Task instructions:
Repeat the data below exactly, dropping any pictures it holds.

Raw data:
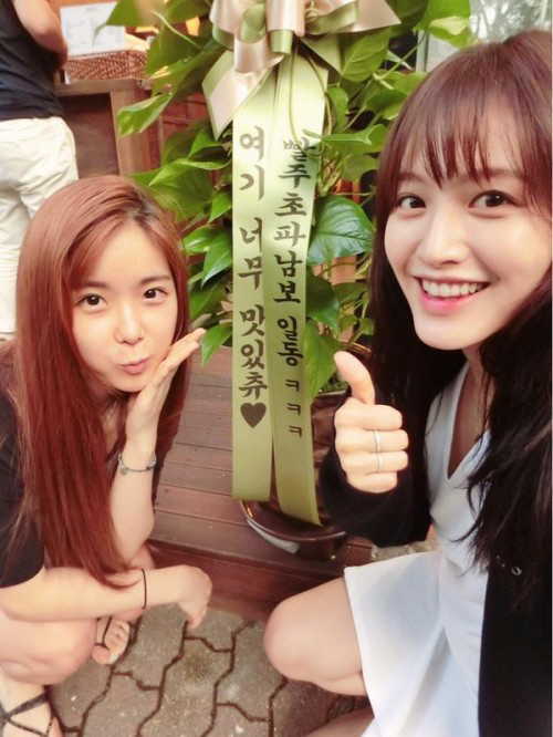 공개된 사진 속 조현영과 김재경은 축하 화환 앞에서 귀여운 포즈를 취하고 있다.
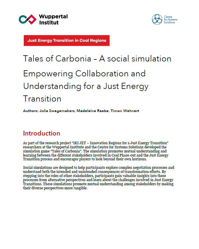 A new role-play game, developed by researchers at the Wuppertal Institute and the Centre for Systems Solutions as part of the Innovation Regions for a Just Energy Transition (IKI JET) project, aims to support effective negotiations between just transition stakeholders in coal regions around the world.
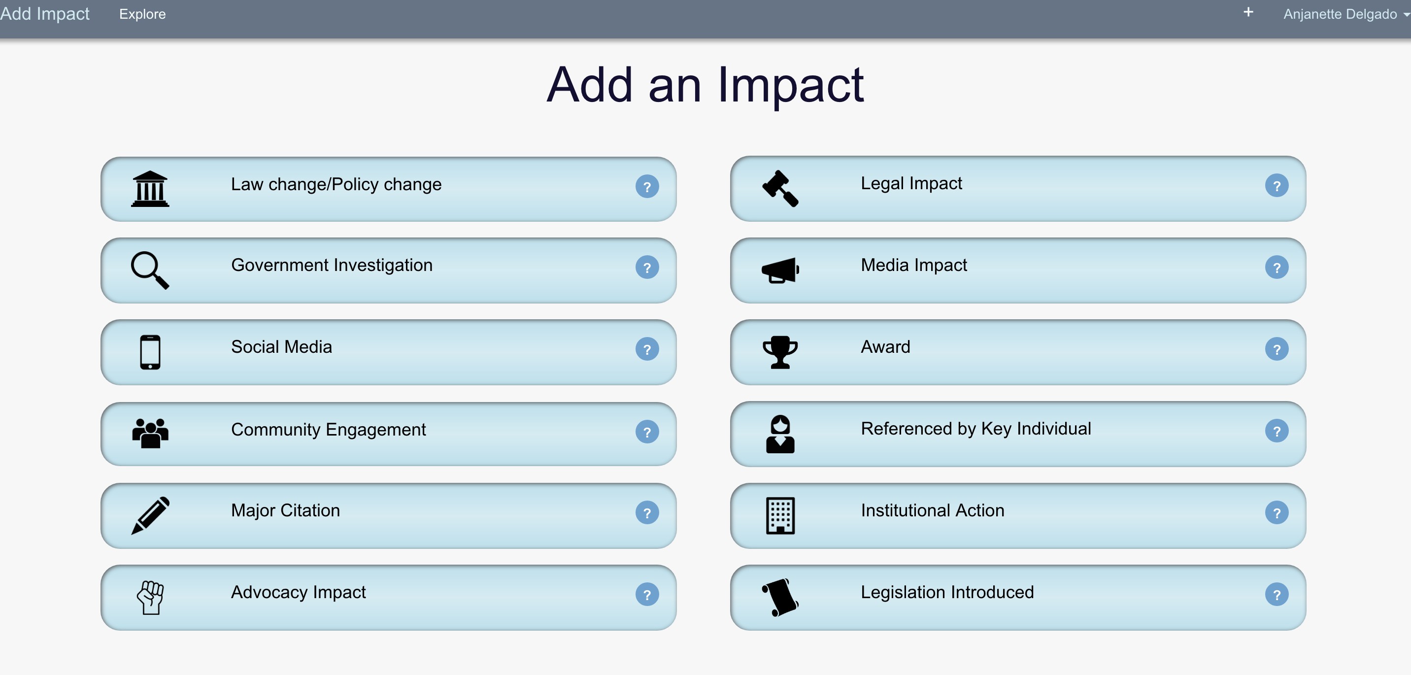 In the online interface, reporters choose from 12 kinds of impact for their workâsuch as policy change, major citation, and government investigationâ, add specific details, and track how their stories change over time. Editors can quickly see how their reporters are doing, as well as pull out information for columns, award applications, and performance reviews.

Response below:
 공개된 사진 속 조현영과 김재경은 축하 화환 앞에서 귀여운 포즈를 취하고 있다.
 A new role-play game, developed by researchers at the Wuppertal Institute and the Centre for Systems Solutions as part of the Innovation Regions for a Just Energy Transition (IKI JET) project, aims to support effective negotiations between just transition stakeholders in coal regions around the world.
 In the online interface, reporters choose from 12 kinds of impact for their workâsuch as policy change, major citation, and government investigationâ, add specific details, and track how their stories change over time. Editors can quickly see how their reporters are doing, as well as pull out information for columns, award applications, and performance reviews.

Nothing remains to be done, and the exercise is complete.